Photocatalyst nanoparticles were dispersed in DMF by mechanical stirring (30 min) and sonication (15 min). PAN was gradually added to achieve a final polymer concentration of 7.5 wt% and nanoparticle loading of 60 wt% (mass fraction of nanoparticles relative to the total solids in the solution). A PAN-only reference solution was prepared similarly. Electrospinning was performed using a Nanospider^™ NS-LAB system (Elmarco, Liberec, Czech Republic) onto a nonwoven polypropylene substrate (Pegatex S, 30 g·m⁻²). Operating parameters: voltage 60 kV, electrode-to-substrate distance 20 cm, solution feed rate 100 mm·s⁻¹. Membranes were air-dried for 2 h, peeled, cut into 5 × 5 cm pieces, and stored flat.

3.4. Characterization

Surface morphology was examined by scanning electron microscopy (SEM, FEI Nova NanoSEM 650 FEG, Thermo Fisher Scientific, Waltham, MA, USA). Fiber diameter distribution was determined from SEM images using ImageJ software (v1.52a) based on multiple measurements from representative areas. Chemical composition was analyzed by X-ray photoelectron spectroscopy (XPS, Kratos Axis Ultra, San Diego, CA, USA, Al Kα radiation, hν = 1486.6 eV). Membrane thickness was measured with a digital micrometer (±1 μm).

3.5. Photocatalytic Membrane Reactor

A custom crossflow photocatalytic membrane reactor was designed in Creo Parametric and fabricated by selective laser sintering (polyamide). The feed solution (0.5 M potassium bicarbonate KHCO₃, saturated with CO₂, 99.999%) was circulated at 30 mL·min⁻¹ for 30 min to reach adsorption equilibrium. Illumination was provided by a solar simulator (ASAHI HAL-320, Tokyo, Japan, 300 W) on the front side and a xenon/mercury lamp (Newport) on the back side (Figure 4).
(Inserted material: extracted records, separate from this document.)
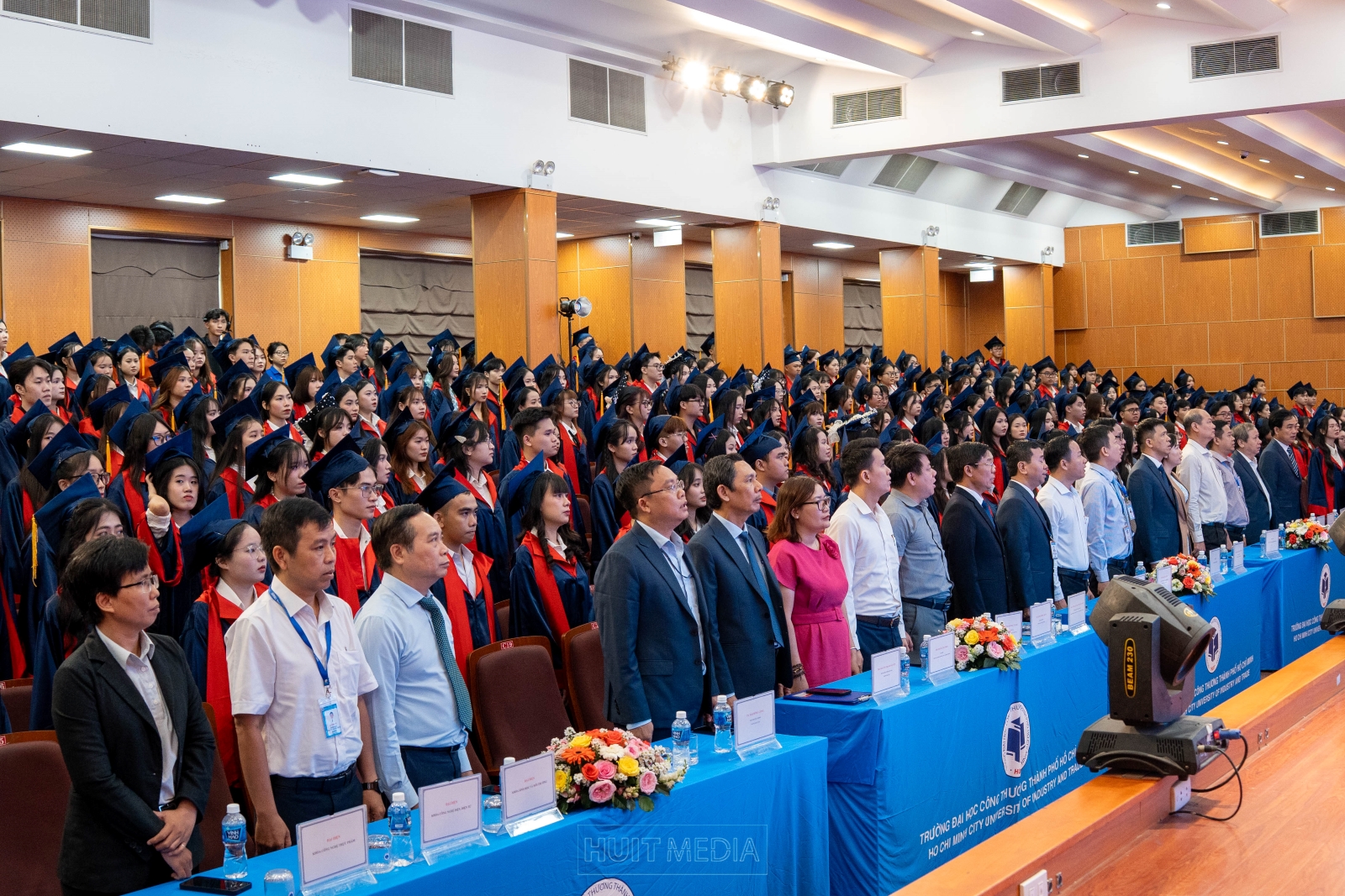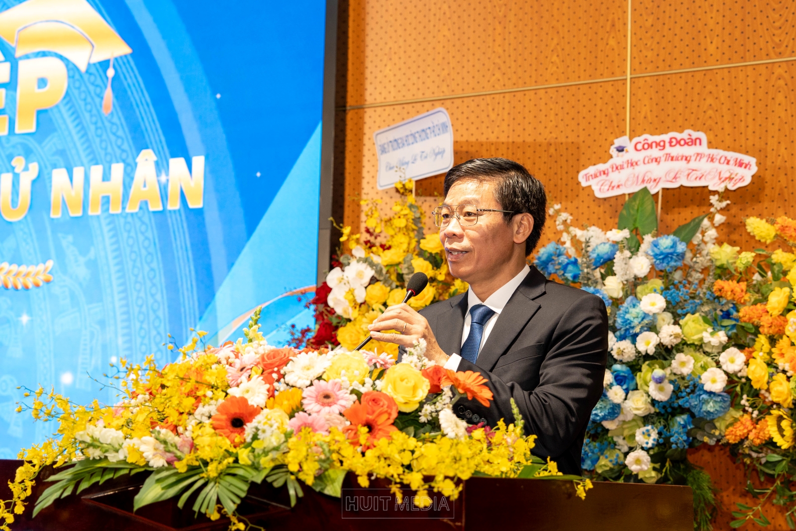 NGƯT. PGS.TS Nguyễn Xuân Hoàn – Hiệu trưởng nhà trường chia sẻ: “Hôm nay, các em đã hoàn thành một chặng đường quan trọng trong cuộc đời mình. Tôi hy vọng các em sẽ tiếp tục phát huy những kiến thức đã học và những giá trị đạo đức được rèn luyện tại trường để góp phần xây dựng xã hội ngày càng tốt đẹp hơn. Trường Đại học Công Thương TP. Hồ Chí Minh luôn tự hào là nơi các em bắt đầu hành trình của mình, và chúng tôi sẽ luôn ở đây để hỗ trợ các em trong những bước đi tiếp theo. Hãy luôn thể hiện mình là một người của HUIT kiêu hãnh, có học thức, sống có trách nhiệm và cư xử nhân ái. Hôm qua là HUFI, ngày nay là ĐH Công Thương TP. HCM nhưng mãi “như bến đợi” luôn dõi theo và mong người trở lại”.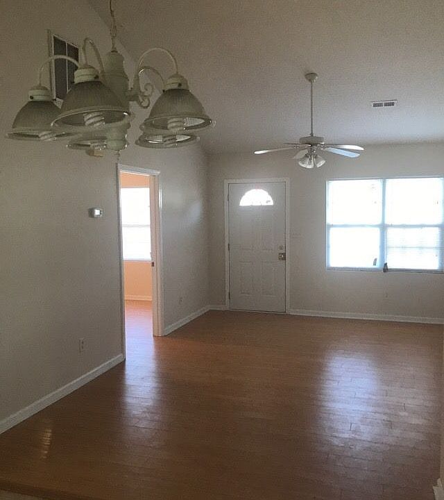 Cute house on corner lot.Large open living area with ceiling fan Wood flooring throughout for easy care. Master Bedroom separated from other two bedrooms by the living room. Master bedroom has private bath and ceiling fan. Galley kitchen with all appliances and eat in nook. Laundry closet in kitchen galley with washer and dryer hook-ups. Located off N Tryon St. Easy access to interstate and light rail. Section 8 o.k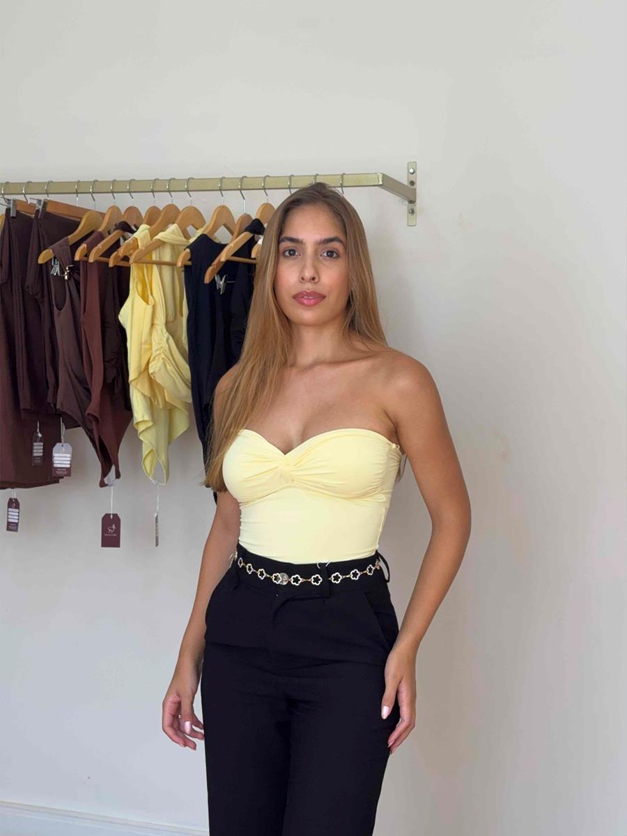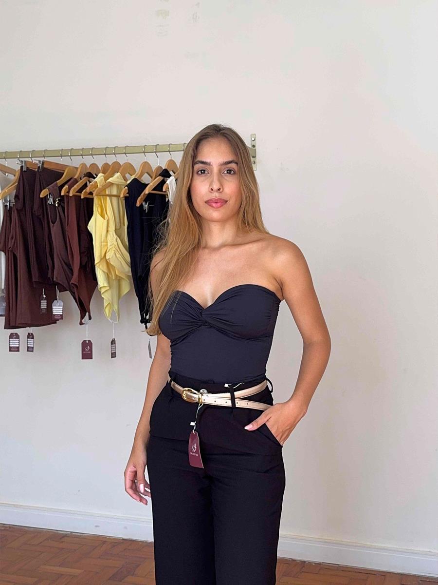 Com detalhe do nó franzido que dá todo um charme. Possui acabamento duplo, elástico abaixo do busto e nas costas, proporcionando uma ótima sustentação e caimento.

Both light source were calibrated to 1 Sun (100 mW·cm⁻²) using a Si PV reference cell (Newport, Irvine, CA, USA, model 91150 V), corresponding to AM1.5G conditions, to ensure reproducibility. Spectral distribution was verified with a calibrated spectroradiometer. Liquid samples (1 mL) were withdrawn at selected intervals and analyzed by gas chromatography (Agilent 8860, FID detector, Santa Clara, CA, USA) using external methanol calibration curves. The illuminated circular area (diameter 2.3 cm) corresponds to ~16.6% of the membrane surface, containing approximately 60 mg of composite, of which ~36 mg is TiO₂-Cu₂O catalyst at 60 wt% loading.

4. Conclusions

This study demonstrates a novel approach for solar-driven CO₂ conversion by integrating TiO₂-Cu₂O heterojunctions into electrospun PAN membranes and employing a bifacial photocatalytic membrane reactor. Dual-sided illumination significantly improved light utilization and photocatalytic efficiency, achieving a methanol production rate of 300 μmol·g⁻¹·h⁻¹ under simulated solar conditions. The enhanced performance is attributed to extended visible-light absorption, efficient charge separation, and optimized reactor design. By coupling material engineering with reactor configuration, this work addresses key limitations of conventional photocatalytic systems and provides a scalable pathway for renewable fuel synthesis. Future research should focus on isotopic verification, long-term stability, and performance evaluation under real solar conditions to accelerate practical deployment.